- Record excerpts
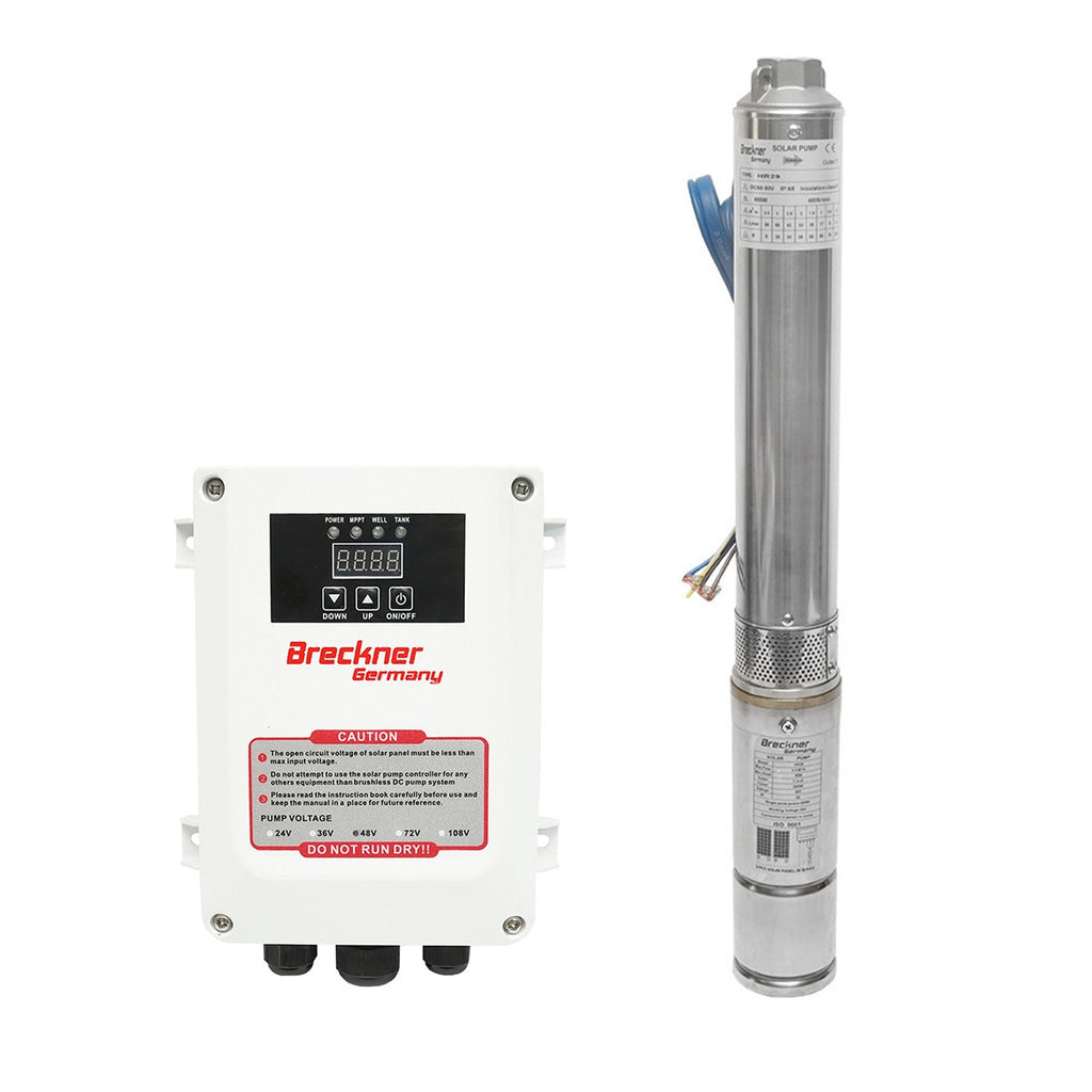 Тази потопяема водна помпа 600W, 48V дебит 3.5m3/h, D75мм с контролер за соларен фотоволтаичен панел Breckner Germany със серийна връзка може да се използва с 2 200 W, 36 V соларни панела, мощност 600 W, захранващо напрежение 48 V, дебит 3,5 m3/h, скорост 1000 - 4000 об/мин, диаметър на помпата 75 мм и дължина 640 мм.
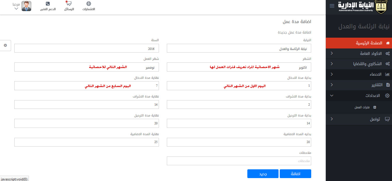 تحدد فترات العمل لادخال احصائيات النيابات كما في الشكل التالي
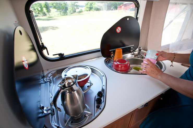 Ovan köksbänken finns halogenbelysning och ett fönster med en löst hängande jalusipersienn i aluminium. Däremot är testvagnen inte utrustad med köksfläkt.
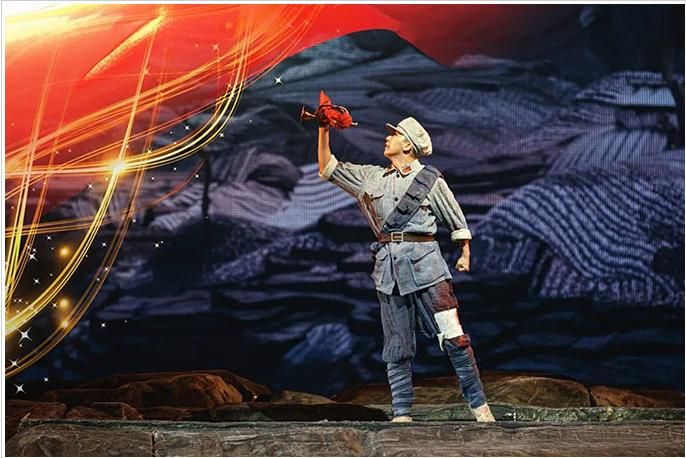 《花兒與號(hào)手》是一部以紅軍長(zhǎng)征路過(guò)六盤山為背景創(chuàng)作的音樂劇,全劇展現(xiàn)了長(zhǎng)征路上紅軍戰(zhàn)士的理想信念和“長(zhǎng)征是宣言書、是宣傳隊(duì)、是播種機(jī)”這一核心思想,弘揚(yáng)了中國(guó)共產(chǎn)黨百年征程中展現(xiàn)出的無(wú)私無(wú)畏的革命精神。
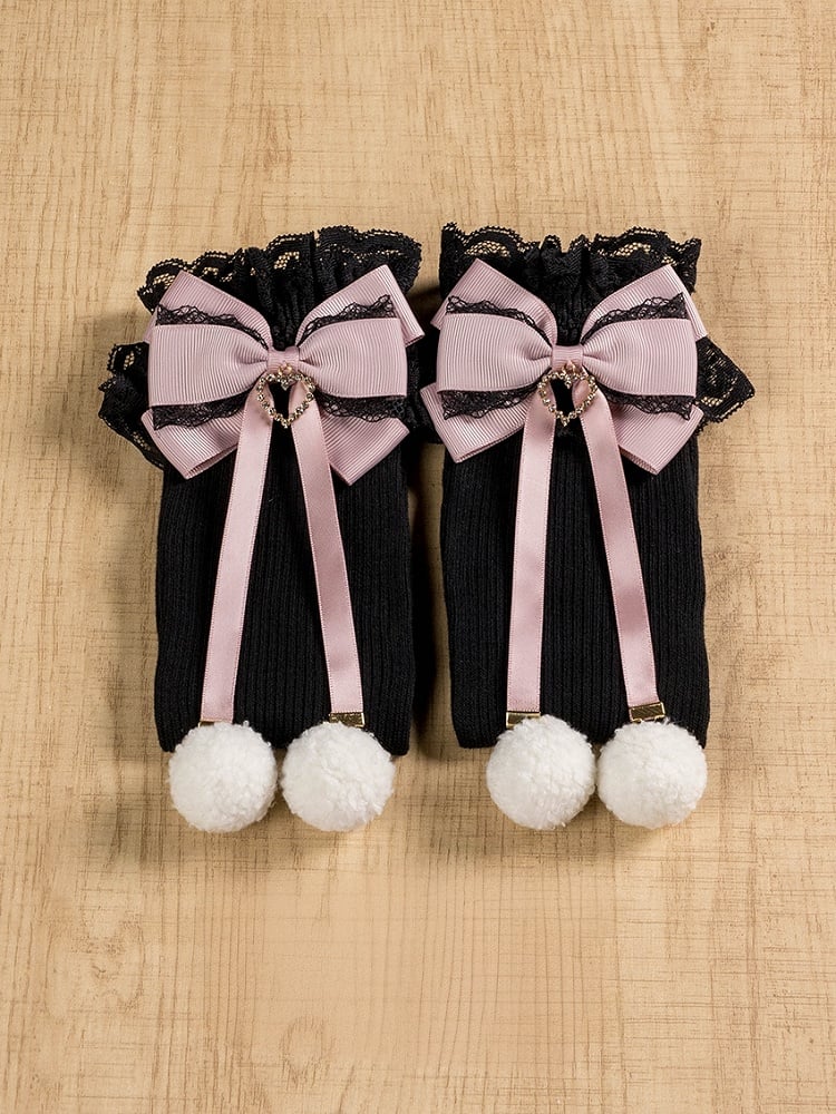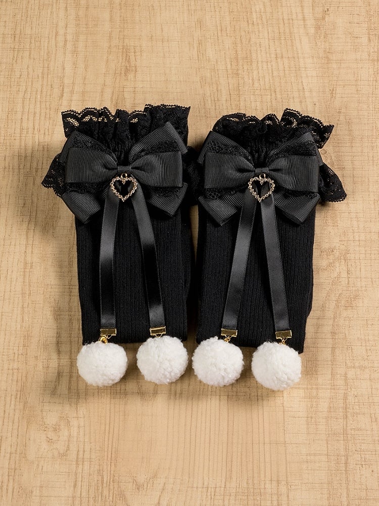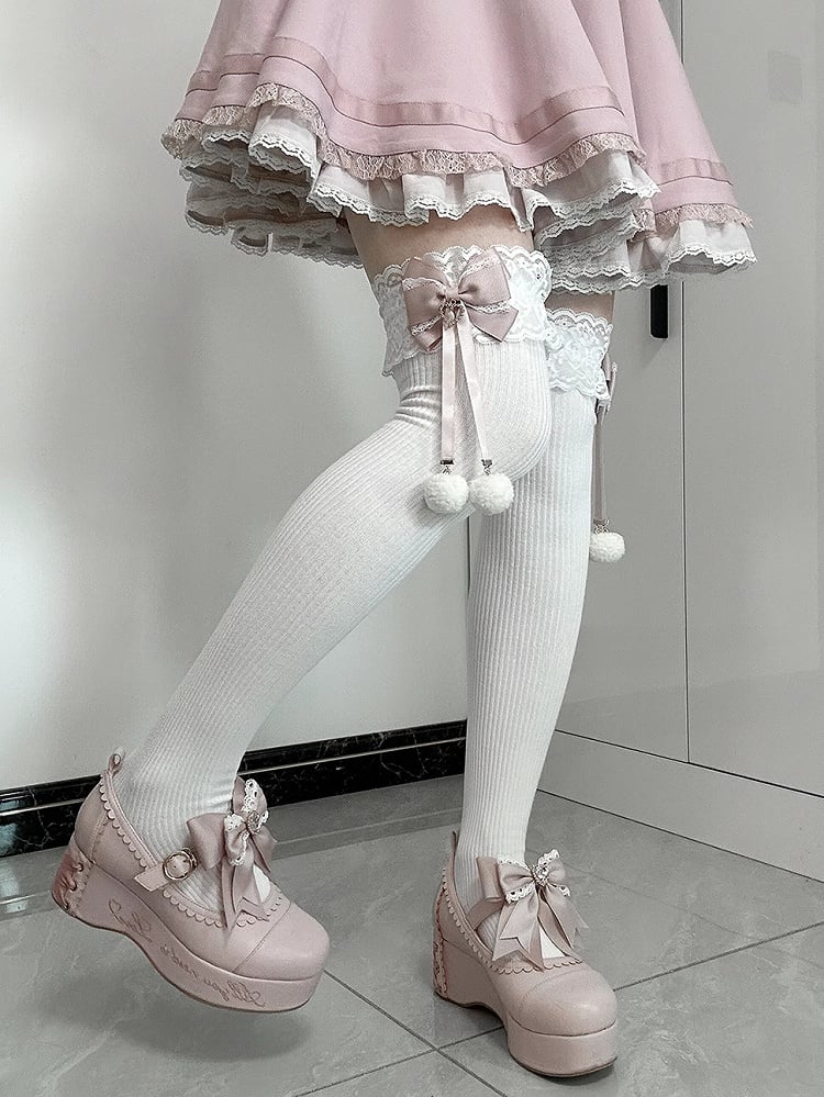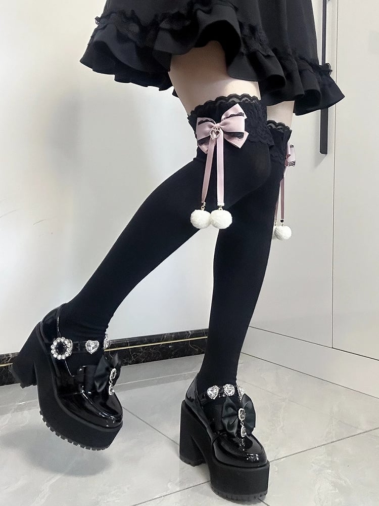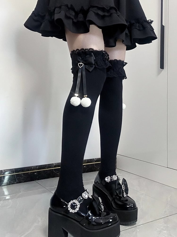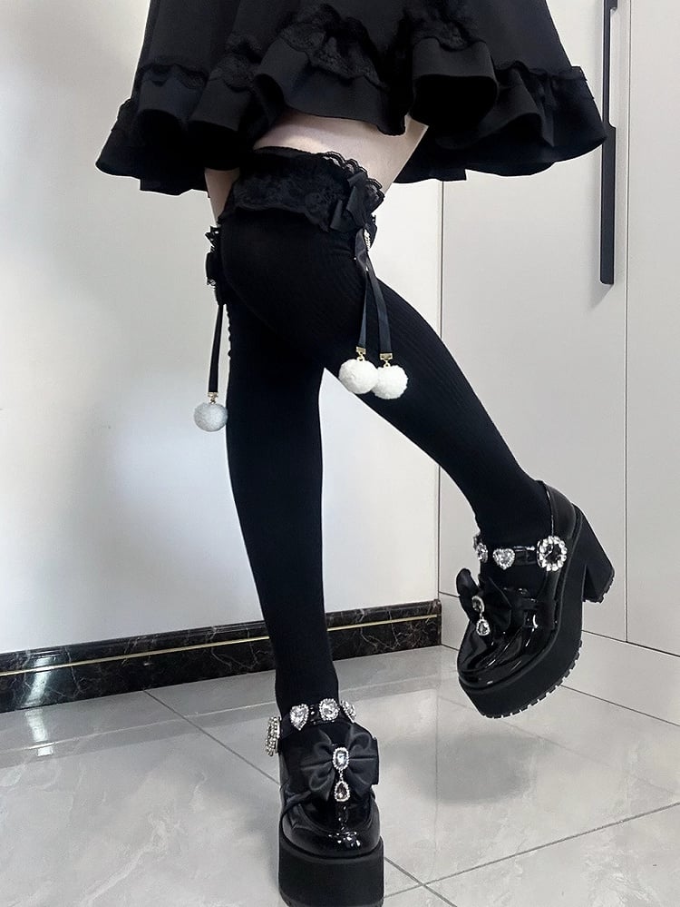 ジライケイ ポンポンディテール レースカフス 蝶結び オーバーニーストッキング

- Task goal
The full set of entries should be transcribed exactly, pictures left aside.

- Your response
 Тази потопяема водна помпа 600W, 48V дебит 3.5m3/h, D75мм с контролер за соларен фотоволтаичен панел Breckner Germany със серийна връзка може да се използва с 2 200 W, 36 V соларни панела, мощност 600 W, захранващо напрежение 48 V, дебит 3,5 m3/h, скорост 1000 - 4000 об/мин, диаметър на помпата 75 мм и дължина 640 мм.
 تحدد فترات العمل لادخال احصائيات النيابات كما في الشكل التالي
 Ovan köksbänken finns halogenbelysning och ett fönster med en löst hängande jalusipersienn i aluminium. Däremot är testvagnen inte utrustad med köksfläkt.
 《花兒與號(hào)手》是一部以紅軍長(zhǎng)征路過(guò)六盤山為背景創(chuàng)作的音樂劇,全劇展現(xiàn)了長(zhǎng)征路上紅軍戰(zhàn)士的理想信念和“長(zhǎng)征是宣言書、是宣傳隊(duì)、是播種機(jī)”這一核心思想,弘揚(yáng)了中國(guó)共產(chǎn)黨百年征程中展現(xiàn)出的無(wú)私無(wú)畏的革命精神。
 ジライケイ ポンポンディテール レースカフス 蝶結び オーバーニーストッキング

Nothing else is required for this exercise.